BEGIN PROVIDED DATA

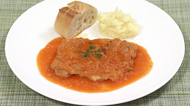 鶏肉の赤ワインビネガー煮込み マッシュスイートポテト添えきちんとレシピフードソムリエ。
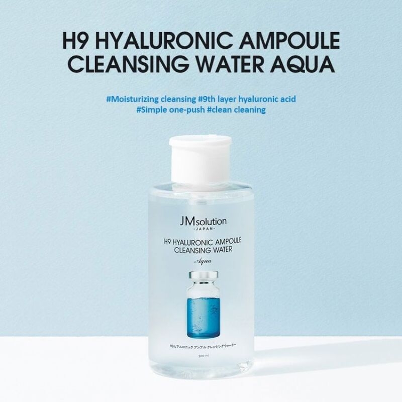 Nước Tẩy Trang JM Solution H9 Hyaluronic Ampoule Cleansing Water với 9 loại Hyaluronic Acid sẽ giúp loại bỏ lớp trang điểm, tạp chất và bụi bẩn trên da hiệu quả mà vẫn giữ được độ ẩm cho làn da mềm mại, không bị khô căng sau khi tẩy trang.
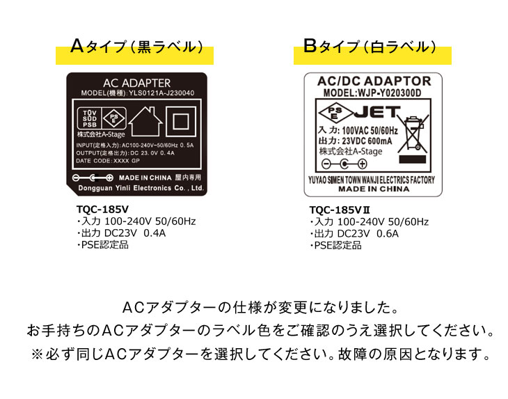必ずご確認ください ※必ずお手持ちのACアダプターを選択してください。
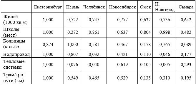 1. Чтобы сравнивать разные параметры необходимо привести их к одной размерности, для чего разделим каждый параметр на его максимальное значение:
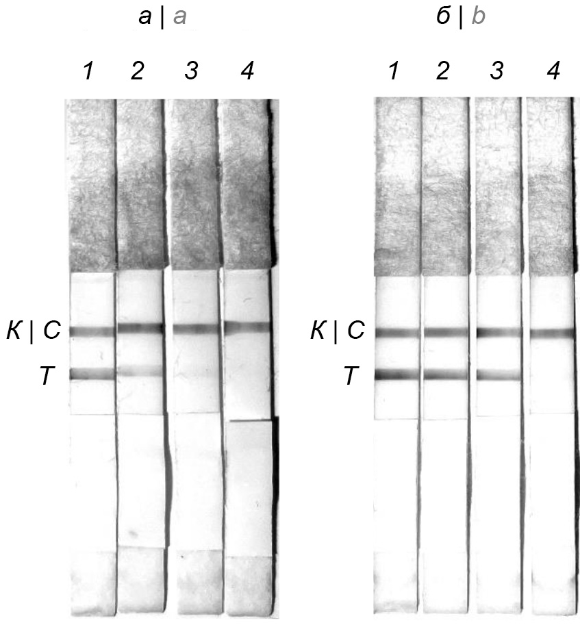 Рис. 2. Результат ИХ-тестирования фильтрата образцов почвы до (а) и после (б) иммуномагнитной сепарации клеток F. tularensis. 1 — 1 × 108 м.к.; 2 — 1 × 107 м.к.; 3 — 1 × 106 м.к.; 4 — 1 × 105 м.к. — количество микробных клеток в 1 г почвы; К — контрольная зона; Т — тестовая зона. / Fig. 2. The result of IC test of the filtrate of soil samples before (а) and after (b) immunomagnetic separation of F. tularensis cells. 1 — 1 × 108 m.c.; 2 — 1 × 107 m.c.; 3 — 1 × 106 m.c.; 4 — 1 × 105 m.c. — the number of microbial cells in 1 g of soil; С — control zone; T — test zone.
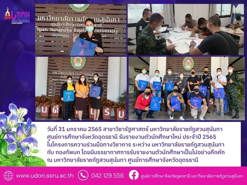 วันที่ 31 มกราคม 2565 สาขาวิชารัฐศาสตร์ มหาวิทยาลัยราชภัฏสวนสุนันทา ศูนย์การศึกษาจังหวัดอุดรธานี รับรายงานตัวนักศึกษาใหม่ ประจำปี 2565 ในโครงการความร่วมมือทางวิชาการ ระหว่าง มหาวิทยาลัยราชภัฏสวนสุนันทา กับ กองทัพบก โดยมีบรรยากาศการรับรายงานตัวนักศึกษา เป็นไปอย่างคึกคัก ณ มหาวิทยาลัยราชภัฏสวนสุนันทา ศูนย์การศึกษาจังหวัดอุดรธานี
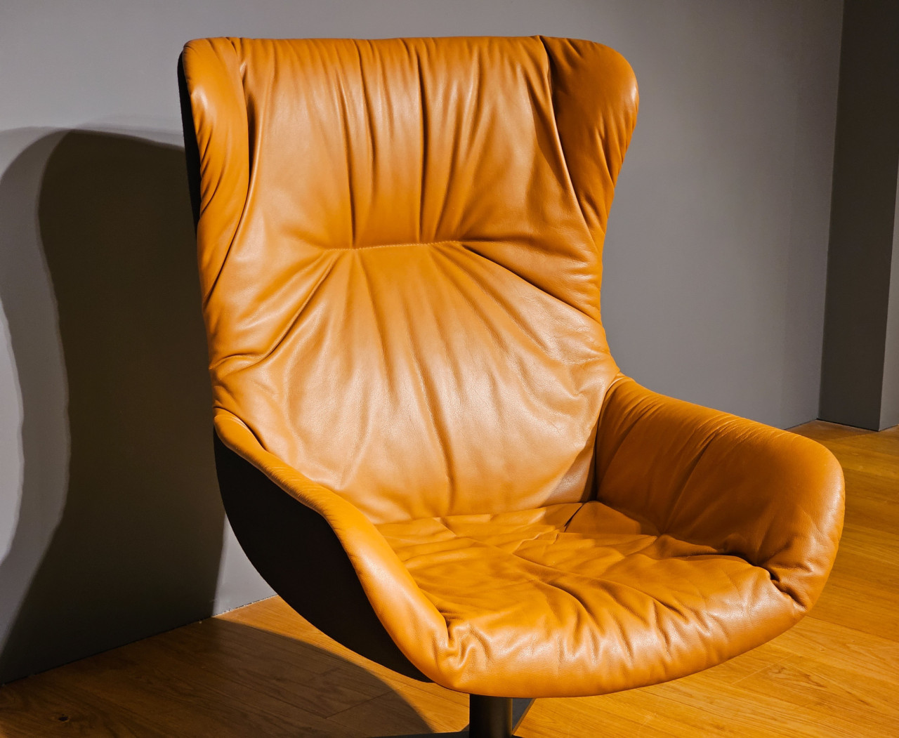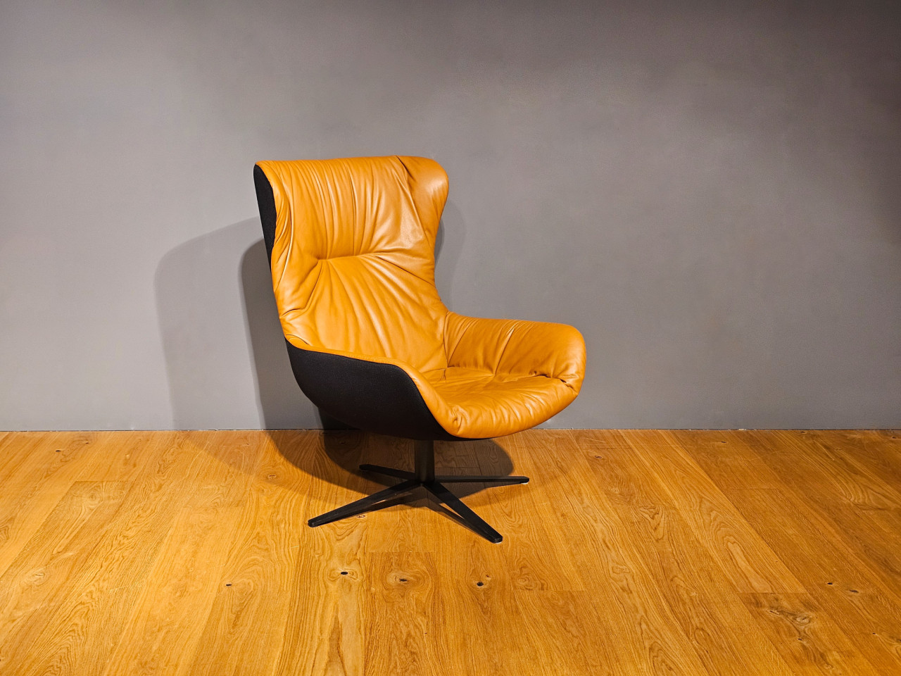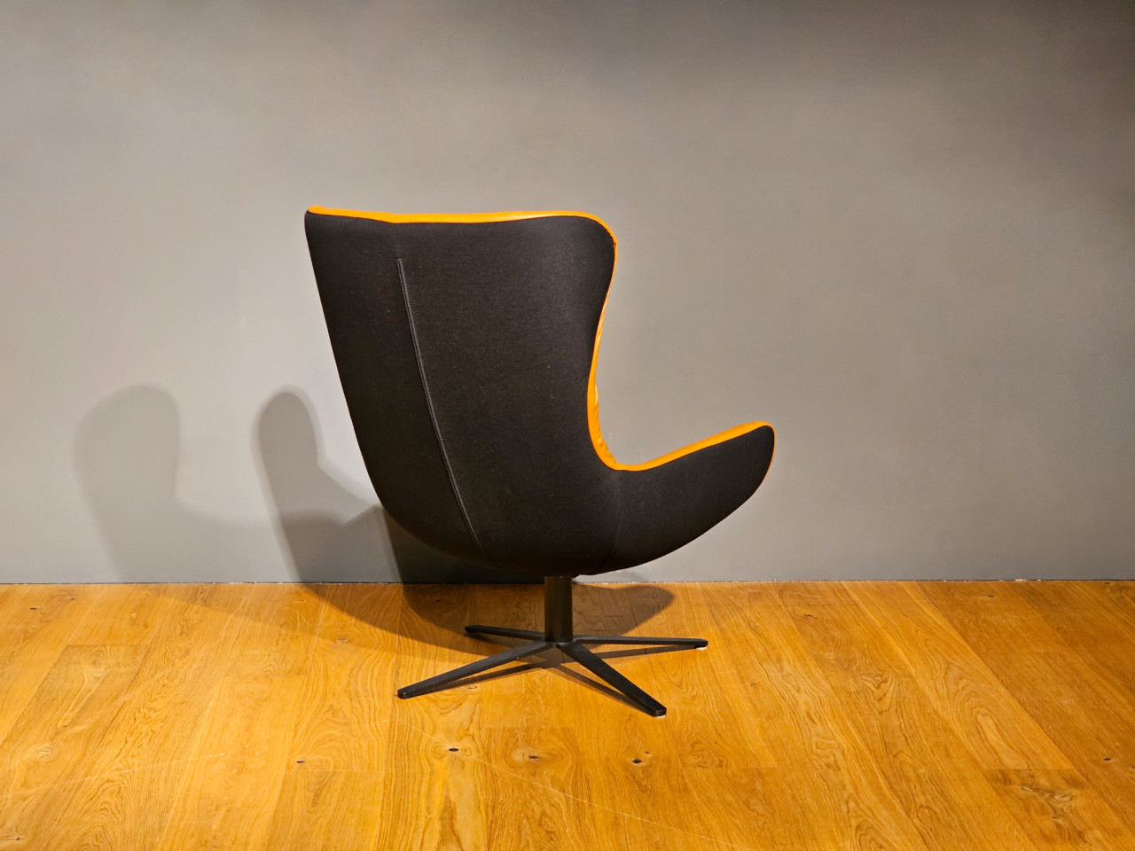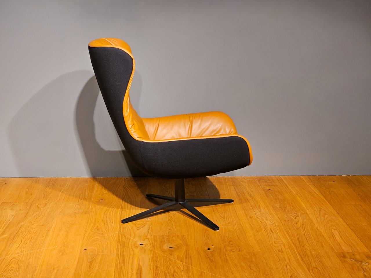 Der Freifrau Leya Wingback Chair, entworfen vom renommierten Design-Duo Hoffmann Kahleyss, kombiniert meisterhafte Handwerkskunst mit innovativem Design. Die äußere Schale des Stuhls ist mit einem eleganten schwarzen Stoff bezogen, während die Innenschale in luxuriösem orange-braunen Leder gehalten ist, das weichen Komfort bietet.
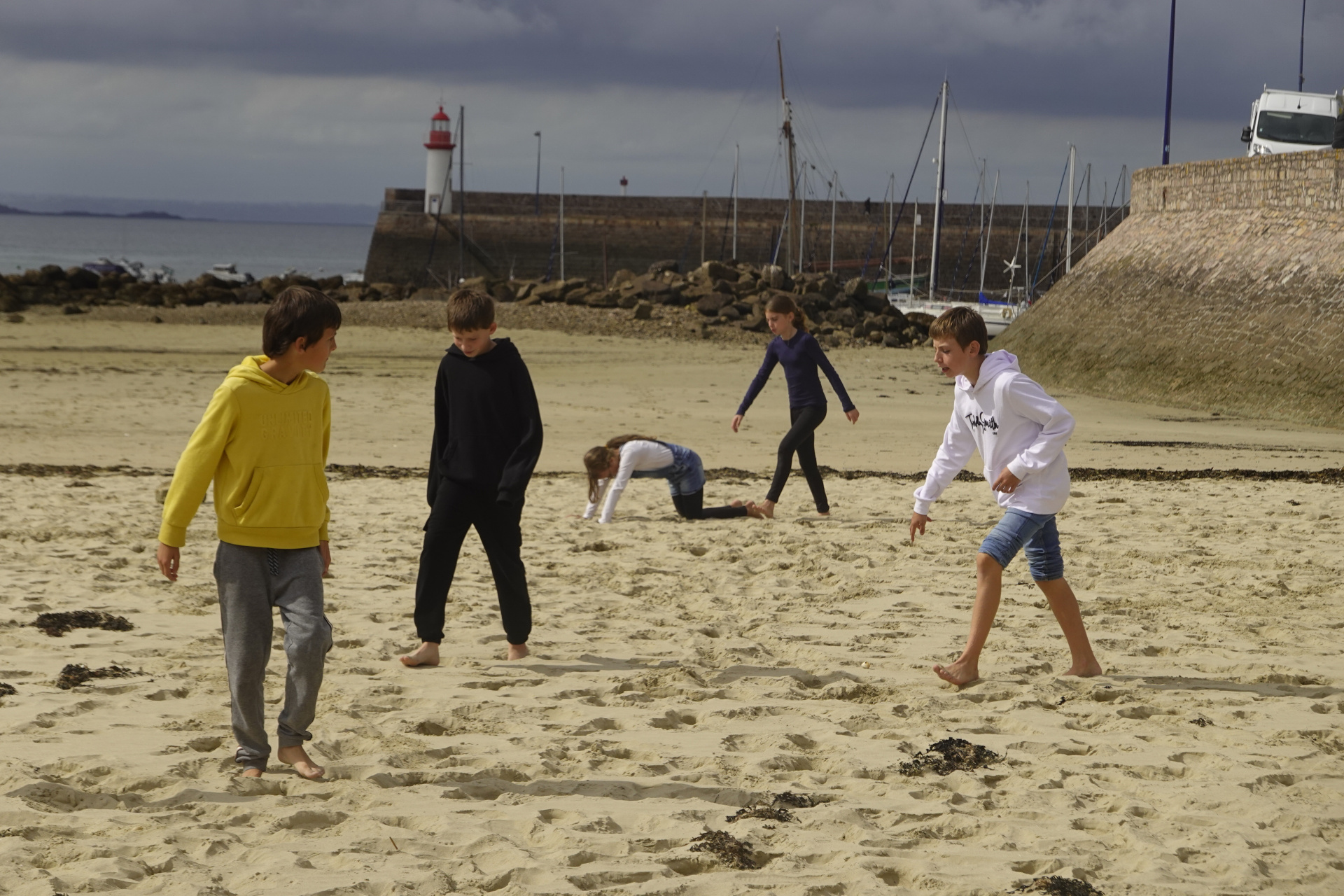 Rassemblement des élèves dans la cour auprès des accompagnateurs et départ à 8h20 du collège pour un rendez-vous à 9h à la criée pour les groupes 1 et au petit parking de la plage des Lourtuais pour les groupes 2. Les élèves se sont rendus à pied sur les lieux concernés.
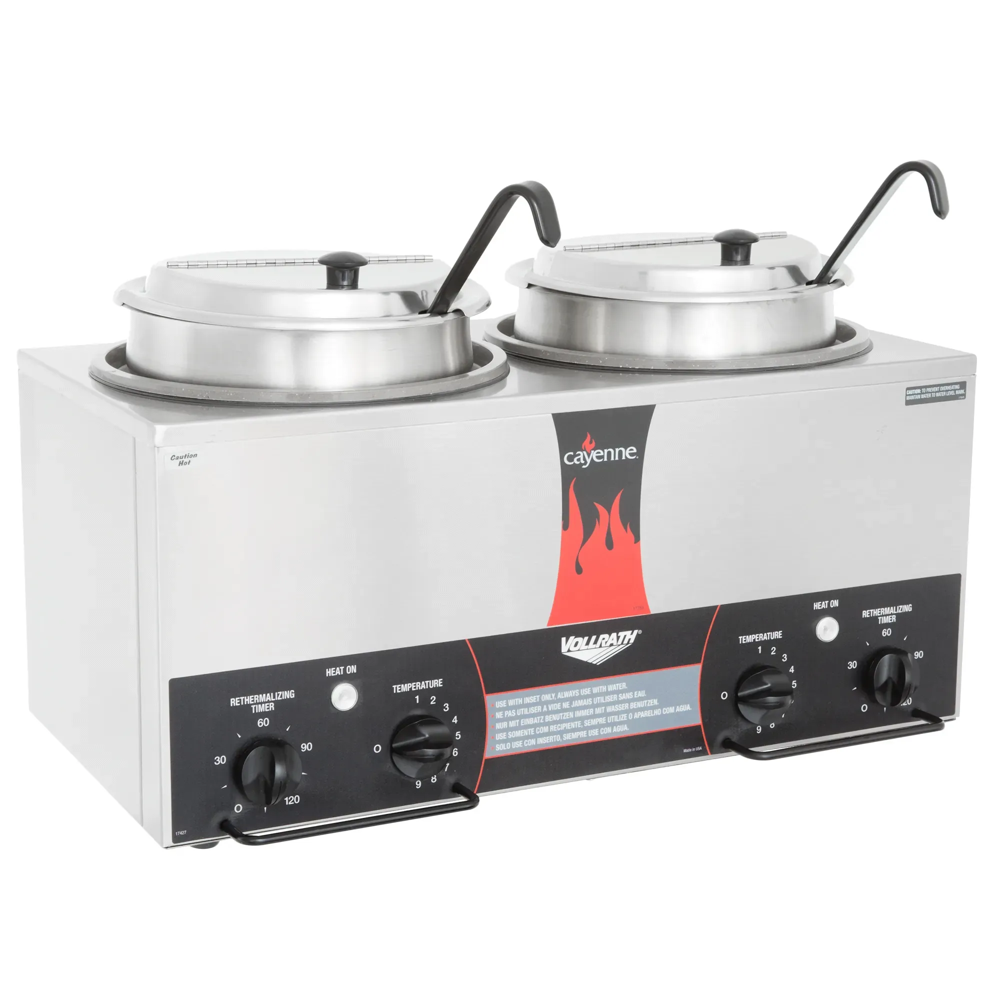 The Vollrath® Cayenne model TW-27R rethermalizer is durable, energy-efficient, and easy to use. With the direct-contact heating system, this rethermalizer uses up to 25 percent less energy and quickly heats your food. With the two insets, two hinged Kool-Touch® covers, and two Kool-Touch ladles that come in this package, you have everything you need to operate this rethermalizer. Each well has an independent thermostatic control, allowing you to heat two different products at once, as well as a rethermalizing timer that stops warming when the timer ends. Once the timer is done, simply set your desired holding temperature to maintain heat. Knob guards prevent accidental adjustments, and the durable stainless steel exterior gives this unit a clean look.

END PROVIDED DATA

→ WORK TO BE COMPLETED
The answer is those lines of the material above that run from the one containing "Nước Tẩy Trang" up to and including the one containing "必ずご確認ください ※必ずお手持ちのACアダプターを選択してください。", restated exactly and without images.

→ WRITTEN ANSWER
 Nước Tẩy Trang JM Solution H9 Hyaluronic Ampoule Cleansing Water với 9 loại Hyaluronic Acid sẽ giúp loại bỏ lớp trang điểm, tạp chất và bụi bẩn trên da hiệu quả mà vẫn giữ được độ ẩm cho làn da mềm mại, không bị khô căng sau khi tẩy trang.
必ずご確認ください ※必ずお手持ちのACアダプターを選択してください。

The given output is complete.